Título: Projeto tirou 10 mil famílias da coca
Autor: Lourival Sant'Anna
Fonte: O Estado de São Paulo, 11/06/2006, Internacional, p. A14,15

Parceria entre agência da ONU, governo e setor privado introduziu 30 produtos rentáveis para camponeses

Em todas as partes do mundo, substituição de cultivos ilícitos tem sido historicamente sinônimo de fracasso. Quando muito, os programas oficiais oferecem sementes, assistência técnica, insumos e crédito para os agricultores trocarem suas plantações de coca por lavouras tradicionais de milho, mandioca, etc. Quando dá tudo certo e conseguem vender, os camponeses recebem dez vez ou menos do que ganhariam com a coca - que tem preço e comprador garantidos.

O francês Thierry Rostan, do Escritório das Nações Unidas contra a Droga e o Crime (UNODC), está mudando essa história. Responsável por relações com o setor privado e levantamento de fundos desde 1999, Rostan conduz uma parceria entre camponeses, governo colombiano, países doadores e setor privado que já fez 10 mil famílias colombianas trocarem a coca por produtos de valor agregado, com venda garantida nas redes de supermercado colombianas ou para exportação. Nesses sete anos, o programa consumiu US$ 10 milhões, doados basicamente por EUA e Itália, e com ajuda também da França, Dinamarca, Suécia, Áustria e Espanha.

Os dois diferenciais do programa dirigido por Rostan são esses: os camponeses não se dedicam só a produtos agrícolas primários, de baixo valor, mas com qualidade e beneficiamento, graças a usinas construídas com dinheiro do programa; e, quando se lançam na produção, já têm comprador certo. "O narcotraficante chega para o camponês e diz: 'Garanto a compra da sua coca, porque tenho mercado'", descreve o funcionário do UNODC, que ocupa um edifício de cinco pavimentos no bairro de classe alta de Chicó, em Bogotá - um dos 121 bens confiscados do narcotraficante Efraín Antonio Hernández, do Cartel de Cali, morto em 1996. "Usamos a mesma estratégia. É uma solução de mercado."

São cerca de 30 produtos, que vão de madeira e borracha a café gourmet, jóias feitas de coco e roupas interiores, passando por iogurte com frutas amazônicas e chocolate em barra, espalhados por 11 Departamentos (Estados) do país (ver mapa na página ao lado). Alguns deles, como o café gourmet e o palmito em conserva, são exportados para a Europa. A parceria começou com a rede francesa Carrefour, com a qual Rostan tinha mais proximidade. Hoje, as três maiores cadeias de supermercado colombianas também participam.

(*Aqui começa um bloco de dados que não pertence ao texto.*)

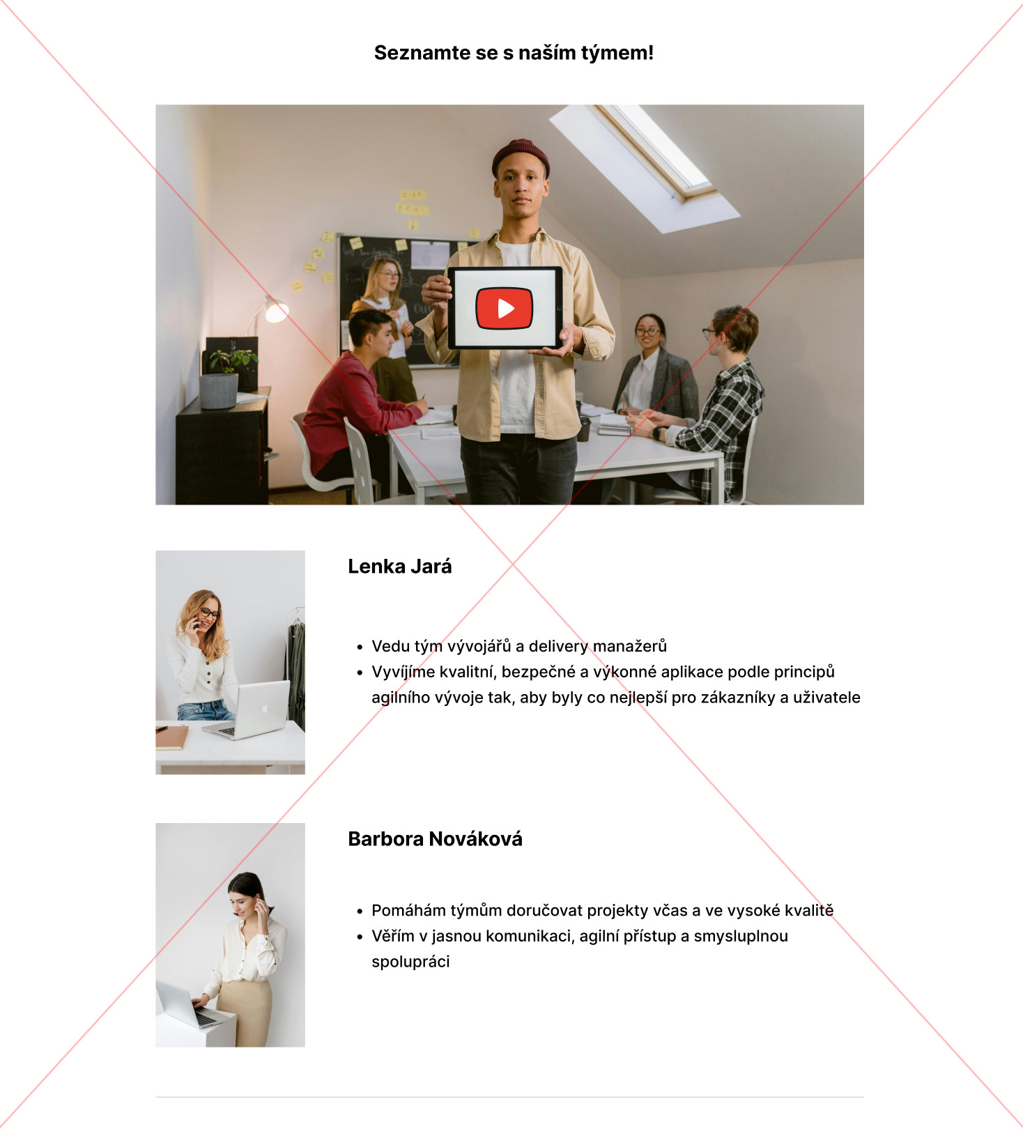 ⚠️It’s not clearly defined who the people in the photos are (what positions they hold, whether they are part of the team, or what type of employees they represent).

"Começamos a vender feijão a granel, depois em sacos para supermercados, depois em lata, com toucinho", conta o francês. "Hoje, estamos competindo com a marca nacional sem problemas." Inicialmente, ele negocia preços e condições de entrega com os supermercados. Com o tempo, os produtores se habituam e fecham os negócios diretamente. Os supermercados, que fazem marketing com o valor social da substituição de cultivos, oferecem condições especiais a esses camponeses. Os produtos são livres de impostos. No ano passado, as vendas somaram US$ 6 milhões. A meta, este ano, é que alcancem US$ 10 milhões.

Inquieto, Rostan urde planos maquiavélicos. "Você, como brasileiro, não vai gostar disso", brinca ele, tirando da prateleira uma sandália Havaianas, com as cores e bandeira do Brasil. "Vamos fazer uma sandália dessas, misturando borracha com frutas amazônicas, 70% sintética e 30% natural, com bandeira da Colômbia e um selo da paz." O slogan do marketing será algo do tipo: Caminhando para a paz.

A também francesa Michelin está assistindo na melhoria da qualidade da borracha. A suíça Nestlé investiu em tanques de armazenamento de leite, e recebe em produção. "Todos saem ganhando", entusiasma-se Rostan, cuja equipe tem apenas 12 integrantes. A mudança na vida dos camponeses, diz ele, é visível. O francês se lembra de um camponês no Sul de Bolívar que, quando conheceu, não tinha eletricidade nem água. Hoje gerente de produção de chocolate e feijão, anda de terno e os filhos estão na universidade.

Segundo Rostan, não há registro de represália dos narcotraficantes, da guerrilha e dos paramilitares, por eles financiados, contra os camponeses, ou de tentativa de forçá-los a voltar a plantar coca. A razão disso é que os arranjos produtivos envolvem associações de camponeses, não indivíduos. "Eles não têm coragem de ir contra uma comunidade inteira."